DATASET EXTRACT:
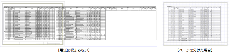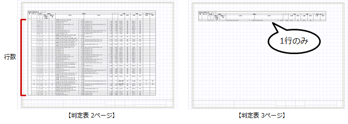 次のように1ページが1行のみになってしまうような場合は、各ページの表の行数を変更して(初期値は50行)、表をまとめることができます。
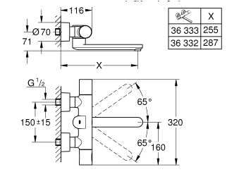 Grohe Eurosmart CE elektronisk håndvaskarmatur montage udvendigt på væggen i krom
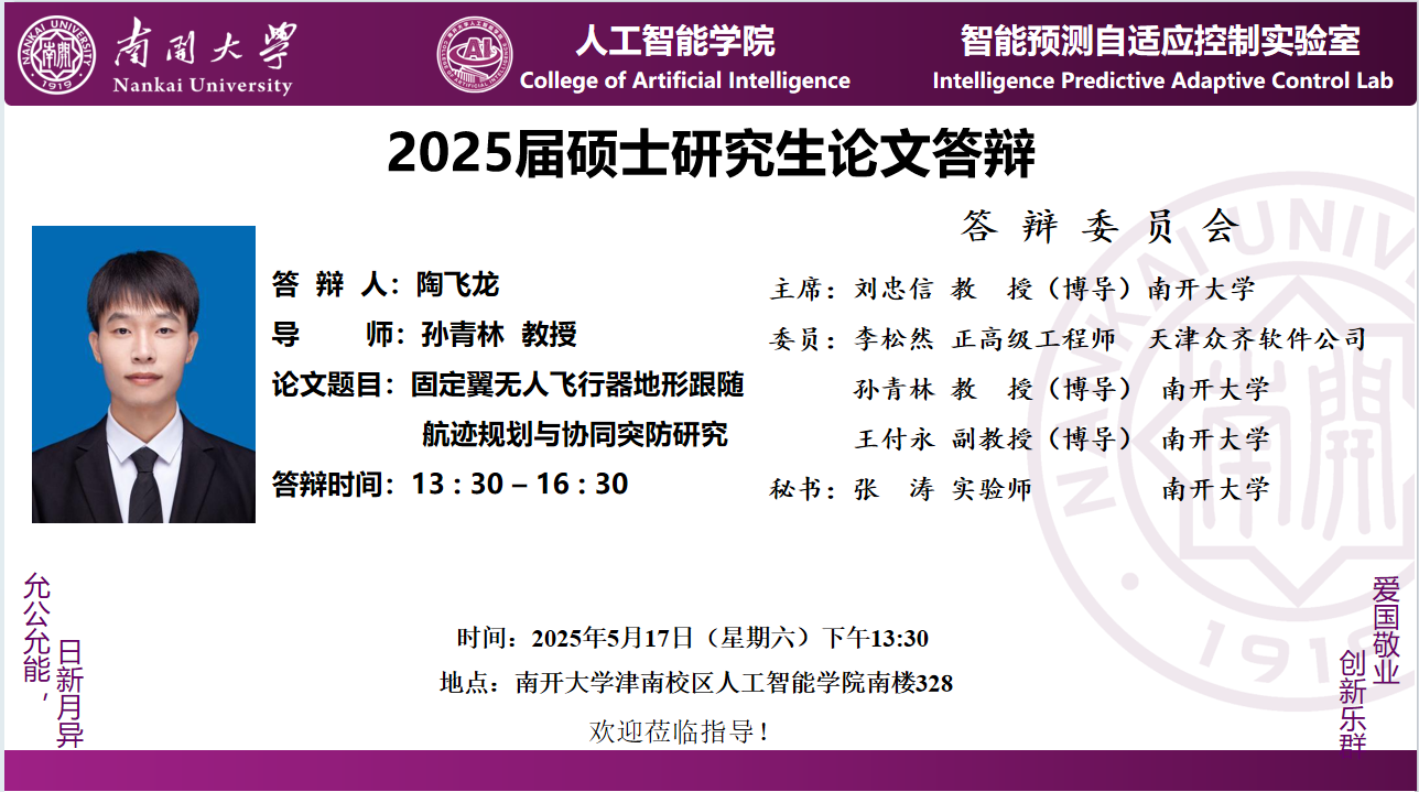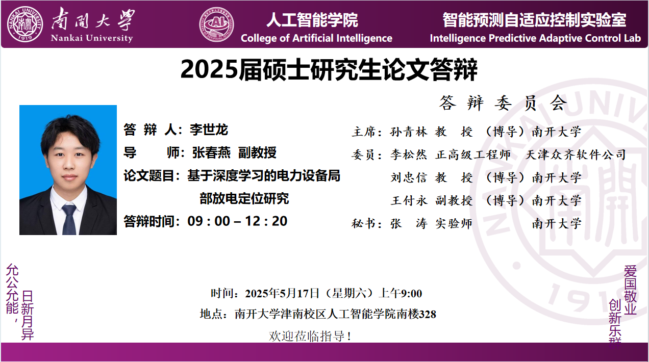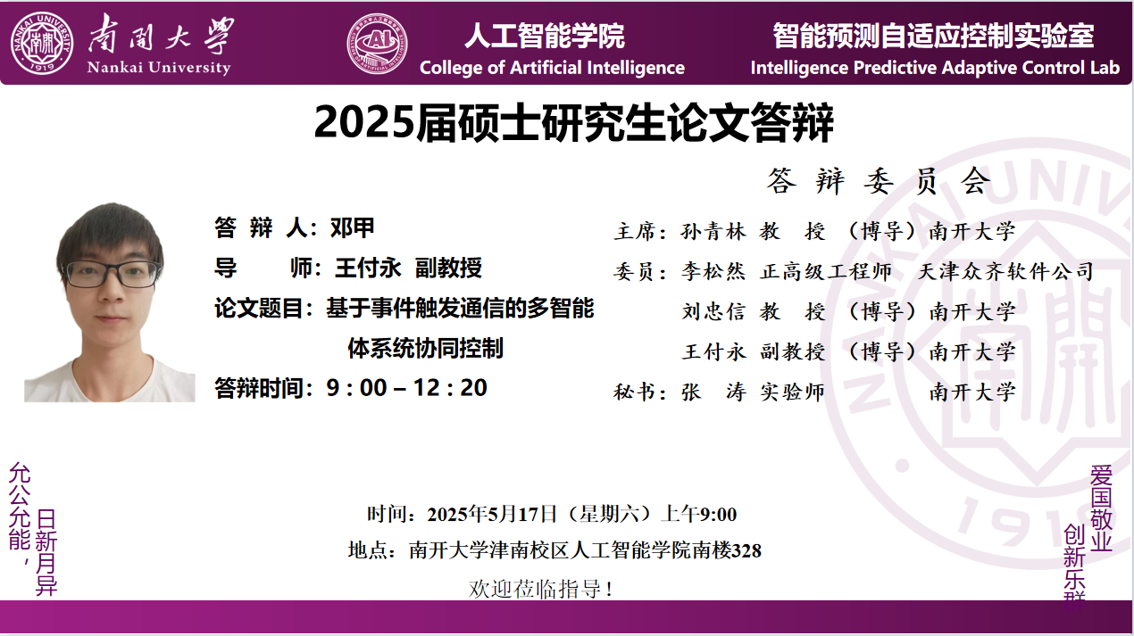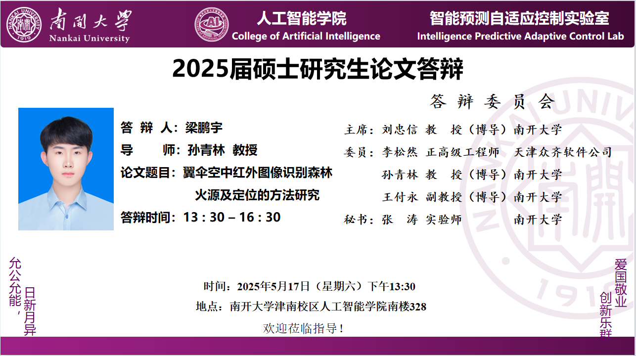 【答辩】2025届夏季毕业答辩公告----自动化系(专硕+联培)

WORK TO BE COMPLETED: Leaving the pictures out, set down all of the data again exactly.

SOLUTION TO THIS EXERCISE:
 次のように1ページが1行のみになってしまうような場合は、各ページの表の行数を変更して(初期値は50行)、表をまとめることができます。
 Grohe Eurosmart CE elektronisk håndvaskarmatur montage udvendigt på væggen i krom
 【答辩】2025届夏季毕业答辩公告----自动化系(专硕+联培)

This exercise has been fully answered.